About this task:
Begin your copy at the line with "Anexo 6. Parque" in the records below and end it at the line with "Koulu kiittää Pyhäjoen", restating each line word for word; omit the pictures.

Material for this exercise:
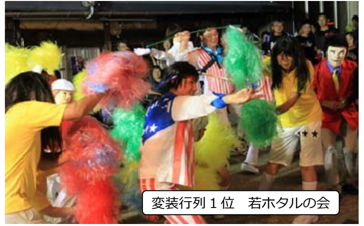
変装行列 1位 若ホテルの会
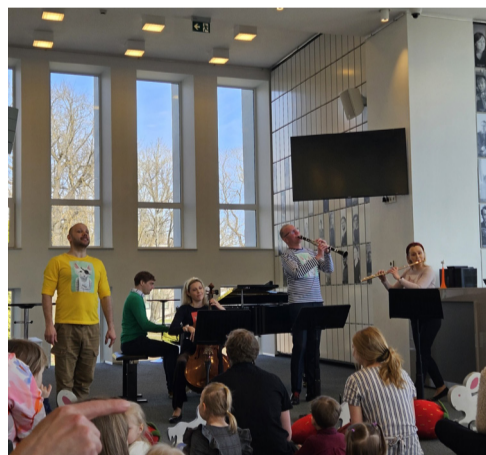
Kontsert "Vaikne hommikumusika" Vanemuises.
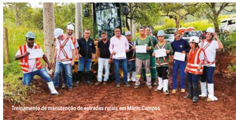
Treinamento de manutenção de estradas rurais em Mário Campos
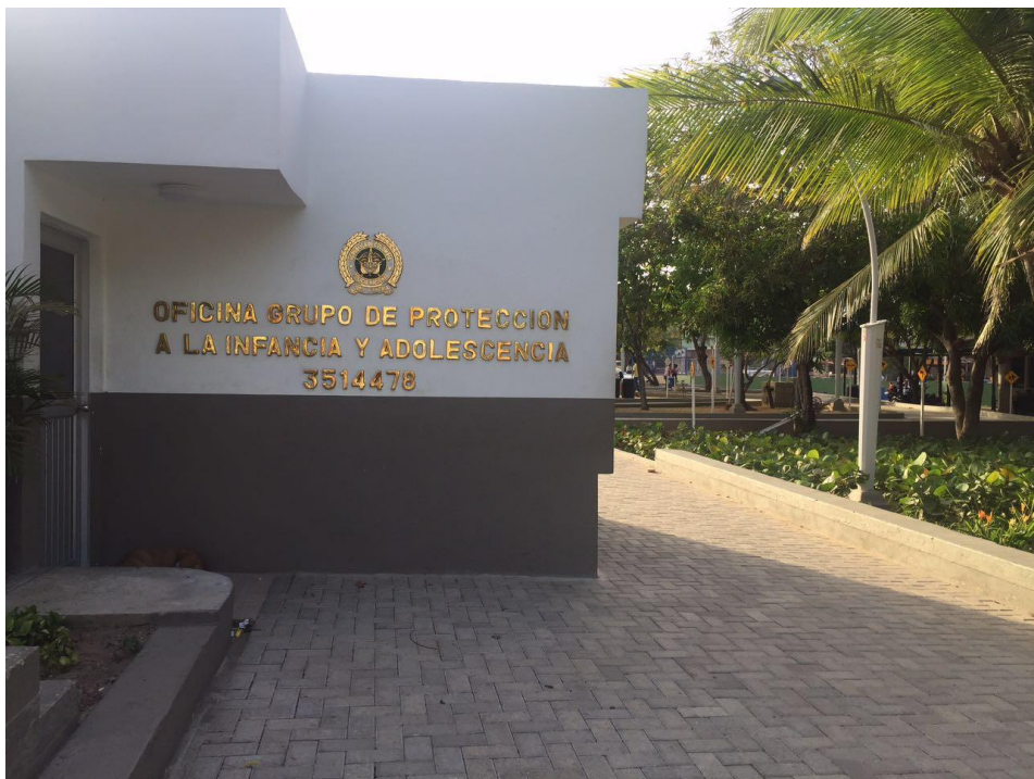
Anexo 6. Parque El Universal Policía de Infancia y Adolescencia, CAI
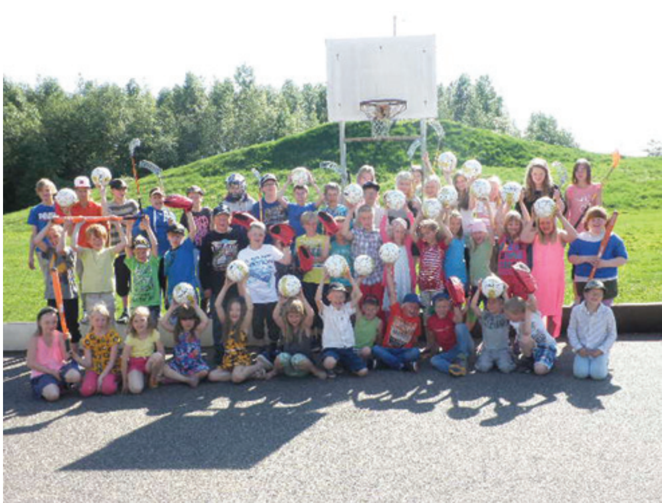
Koulu kiittää Pyhäjoen Lähivakuutusta liikuntavälinelajitoiminnasta.

Elokuussa tulee kuluneeksi tasan sata vuotta siitä, kun koulu aloitti toimintansa Parhalahden kylällä. Juhlavuosi huipentuu marraskuussa pidettäviin 100-vuotisjuhliin, joiden valmistelu alkaa syksyllä heti kouluvuoden alkaessa. Nykyinen jugend henkinen koulurakennus on rakennettu vuonna 1916 ja lähentelee siis itsekin arvokasta sadan vuoden ikää. Tämä historiaa henkivä kaunis koulurakennus on siis juhlansa ansainnut. Mutta sitä ennen nautimme täysin siemauksin kesästä ja karpäsistä. Haluan toivottaa hyvää ja aurinkoista kesää oppilaille, kodeille, henkilökunnalle sekä kaikille yhteistyökumppaneillemme.

Answer to this problem:
Anexo 6. Parque El Universal Policía de Infancia y Adolescencia, CAI
Koulu kiittää Pyhäjoen Lähivakuutusta liikuntavälinelajitoiminnasta.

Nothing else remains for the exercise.